Gertrude is a Java implementation of the overlapping experiments infrastructure used at Google and first described in Tang et al. (2010). It is designed to be powerful enough to support the types of experiments that data scientists, machine learning researchers, and software engineers need to run when developing data products (e.g., recommendation engines, search ranking algorithms, and large-scale classifiers), although it can also be used for testing new features and UI treatments.
The core of Gertrude is a Java library that allows developers to add experiment flags to their code to control the value of certain scalar parameters (booleans, ints, doubles, and strings) and an external configuration file that defines rules for setting the values of experiment flags on every request to the server based on attributes of the request (such as a user's cookie or anonymous login id.)

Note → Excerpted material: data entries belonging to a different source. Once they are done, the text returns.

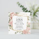 Moderne rosafarbene rosa Rosen schaffen einen runden botanischen Rahmen auf diesem quadratischen Abschluss. Die hübschen Rose sind in üppig grünen Blätter und Blättern eingebettet. Viel weiße Räume geben ein offenes und luftiges Ambiente. Gold Zahlen und Rahmen fügen ein luxuriöses Gefühl.
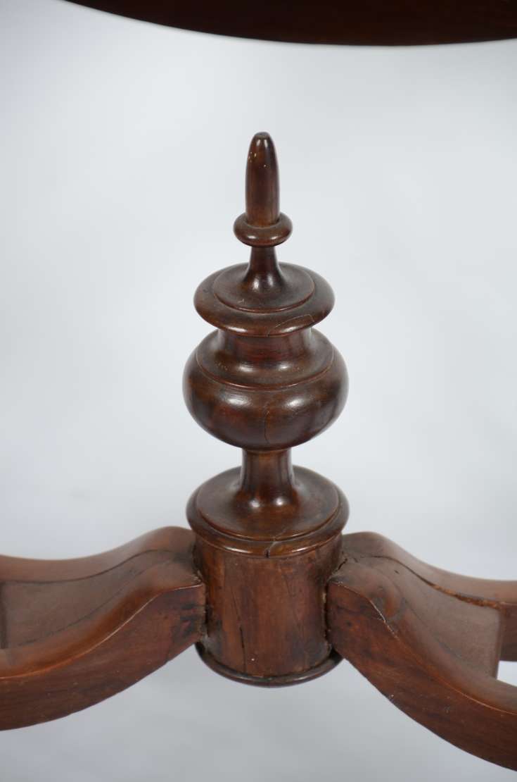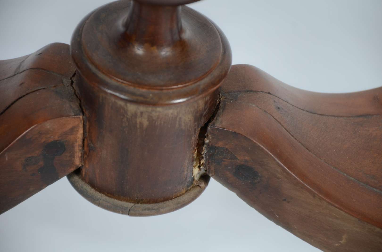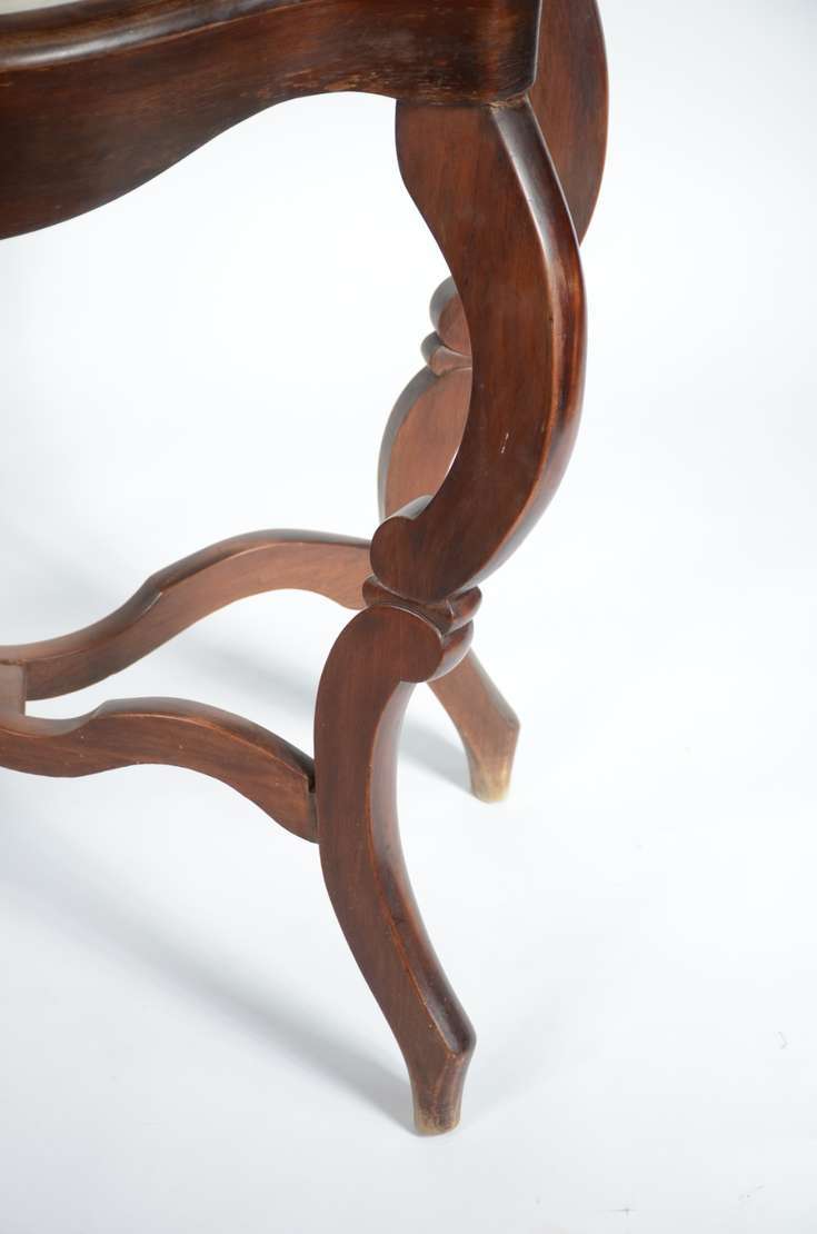 Mesa/ aparador de madeira nobre, saia recortada, quatro pernas torneadas. Manchas no tampo e restauro.
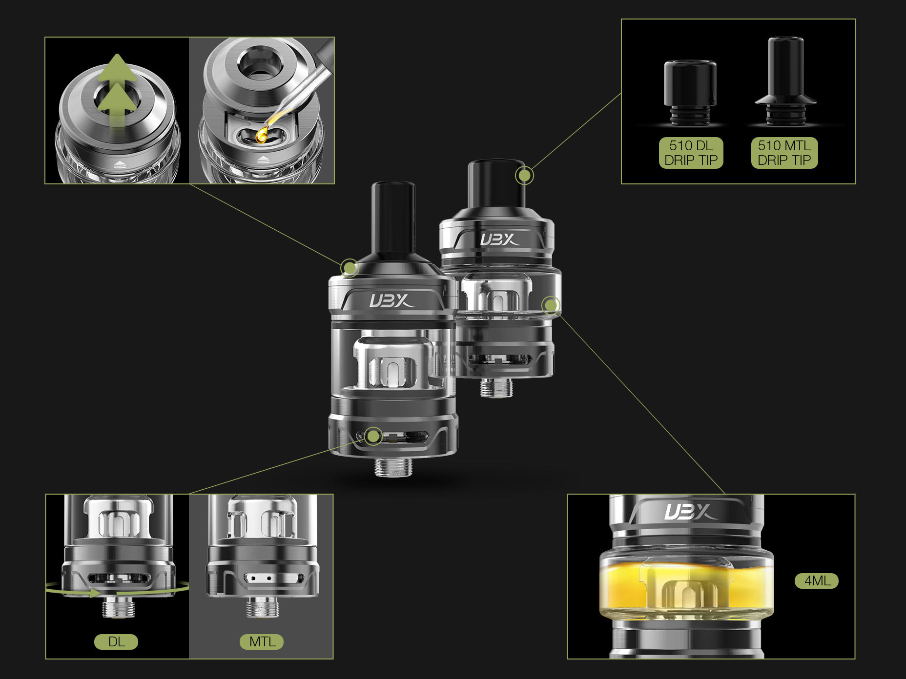 Бак Ultra Boost X Tank поддерживает пять видов сменных испарителей и обслуживаемую базу с двумя стойками под одну спираль. Стандартным комплектом предусматривается два сменных экземпляра для разных стилей парения — на 0,15 и 1,0 Ом. Интенсивность обдува настраивается поворотом нижнего кольца с множество разнокалиберных отверстий. Обычную колбу с объёмом в 2 мл можно заменить расширенной вариацией на 4 мл. Заправочное отверстие скрывается за сдвигающимся топкепом и комплектуется силиконовой вставкой.
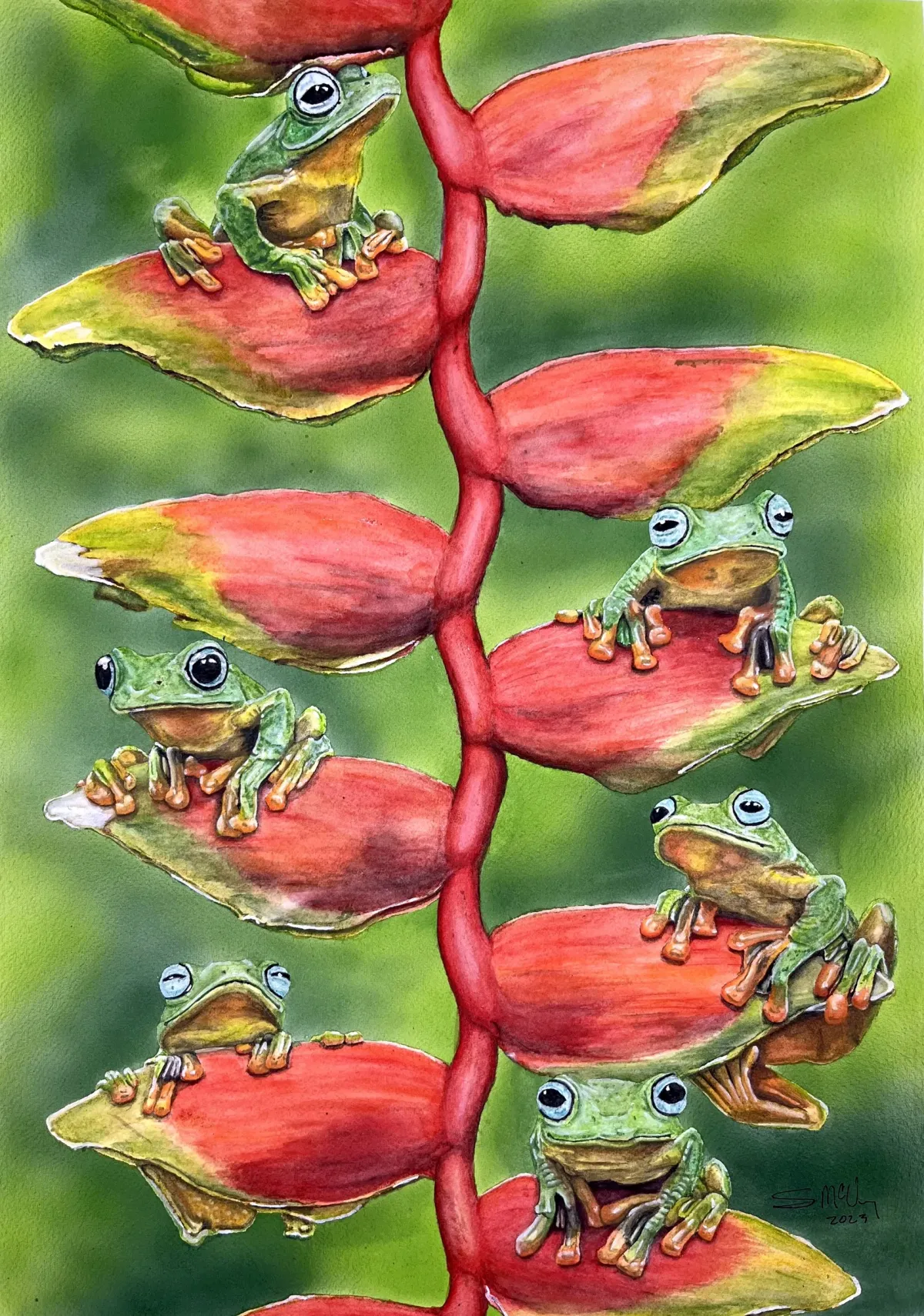 frogsHeliconiatropicalwildlifenaturewatercoloramphibianRealismLight / SereneLandscape / NatureAnimals / Wildlife

Gertrude has minimal dependencies and is intended to be used as a component library for production servers. The components of the framework are:
- core: Core API definitions and experiment diversion logic
- avro: Support for serializing experiment configurations as Apache Avro records
- curator: Support for loading experiment configurations via Apache Curator, a library of patterns for Apache Zookeeper
- file: Support for loading experiment configurations from a file that is monitored for changes
- server: Example code for creating core experiment classes and configuring them for use with a Java server, a good place to start to see how the framework is used
- deploy: Simple commandline tool for parsing an experiment configuration from a JSON or HOCON file, serializing it as an Avro object, and then deploying the serialized object to a Zookeeper node or file.
Gertrude is alpha code and is under active development, and we welcome new contributors. We will be co-developing Gertrude with Oryx, but Gertrude will remain a stand-alone library.
Gertrude is named for Gertrude Cox, the founder of the department of Experimental Statistics at North Carolina State University and co-author of one of the classic texts in the field, Experimental Designs.